As I progressed through school, documentation was always a key part of whatever programming, web design, or software development class I was taking. Comments in code? Better be there, or points off your assignment. Wireframes for your webpage....half of the assignments for one of my classes.
At one of the jobs I've had, I asked if there was any documentation for the program I was going to be working on. I was laughed at. For another project the user manual was five years old, which is way out of date, and I was told that there was no point in referring to it at all.  I'm sure that this is not the case at every company, but most of my co-workers seemed to think that this was totally normal.
I think that documentation is a very important part of a project. This is why a significant portion of some classes are spent on how to do documentation correctly. I really wish we had a design document for my current project. Not so that I know what I'm supposed to do doing, I already know that, but so that I can point to it and say, "this is why the program was created this way". Documentation takes time to create though, and time is money. I work in what I feel is a volatile environment, one where changes to program requirements seem to happen on a regular basis. This is not a productive environment to code in, at all. This is usually the result of the customer not knowing exactly what it is they want, or the lack of a design document and a process to go through to get something changed on it. But what’s done is done and there isn't really a good way to go back and fix it. Not without moving backwards, which is something you never want to do. It kills morale, and in the case of doing contract work, makes it seem like you've wasted time and money. So the solution is to keep trucking forward.
So why don't we start doing documentation? Spend a little less time on coding in order to get our documentation to where it should be? Because of the volatile environment. Trying to document something in such an environment is a bit of a time waster. I know because I tried. I wrote on documentation on a process. It took me between a week and a week and a half to get it the way I wanted (wasn't the only I was working through, so less than 40 hours). Within a month, it was out of date and needed to be updated. Now, do I spend another week to change it, just to have it go out of date on me again? The process it was documenting was a relatively minor one, and would only eat up a day of my time to explain or show how to set something up. We have a pretty small team and this process wouldn't have to be gone through many times by the same person. So, it was decided that this particular piece of documentation was more trouble than it was worth.
I'm not saying that documentation isn't important. I think it's extremely important in getting a project off the ground. However, once a project has gained some stream, the usefulness is diminished to the point where the time spent to create new documentation hampers the ability to make progress. The classes I took where we were forced to create wireframes for our web applications or programs before we started working on any actual code were dead on.
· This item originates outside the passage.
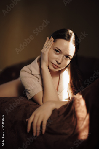 Beautiful woman home portrait in low key

Not just with how important documentation is, but at what stage it should be done. In the beginning of the project, on the upstream, where changes are easy to make because there isn't much to change. It should be part of the overhead cost of doing a project, not an ongoing cost, because the ongoing cost is so much more expensive.
So...documentation is good, as long as it’s done as soon as possible and isn't subject to change very often. Otherwise, it’s really more trouble than it’s worth, as out-of-date and wrong documentation is often worse than no documentation at all since it can lead people astray and waste their time. And time is money.

Tuesday, April 16, 2013

Almost a whole year later...

It's been almost a year since I've graduated from UCF and started working at my current job. The academic world and the professional world of programming are similar but different at the same time.  I still know many people who are still in college studying programming (or soon will I hope). They are sometimes baffled by the way things are done where I work as opposed to how things are done in the classroom. This isn't to say that the classroom way is wrong, or that the way its done where I work at is wrong, they are just different. This is mostly because of the priority shift of what is ideal in the classroom setting as opposed to the more realistic or "cheaper" way things are done in the workplace. I'm just going to sum up some of the differences I've noticed thus far here and in the future go into further detail of each. These are my own unique experiences and I'm sure aren't the same everywhere.

1) Documentation....often an assignment itself leading into another assignment in school. A huge hassle no one has time for where I work.

2) Group Projects....in school if one person doesn't pull their weight, it seriously sucks for the whole team. Where I work, as long as you do what you're supposed to be doing...you're golden.

3) Silly mistakes.....they happen and are expected in school. At work....at best they seriously annoy your coworkers.

4) Time management and Organization....all those classes about college success you thought were useless to get through college, pay attention because after college these skills and habits can really save your bacon.

This post and the ones that follow are more about general purpose development and not isolated to writing code. If you're looking for code I'll get back to it one day. This post was really to try to get me back into writing stuff, hence the lack of content here.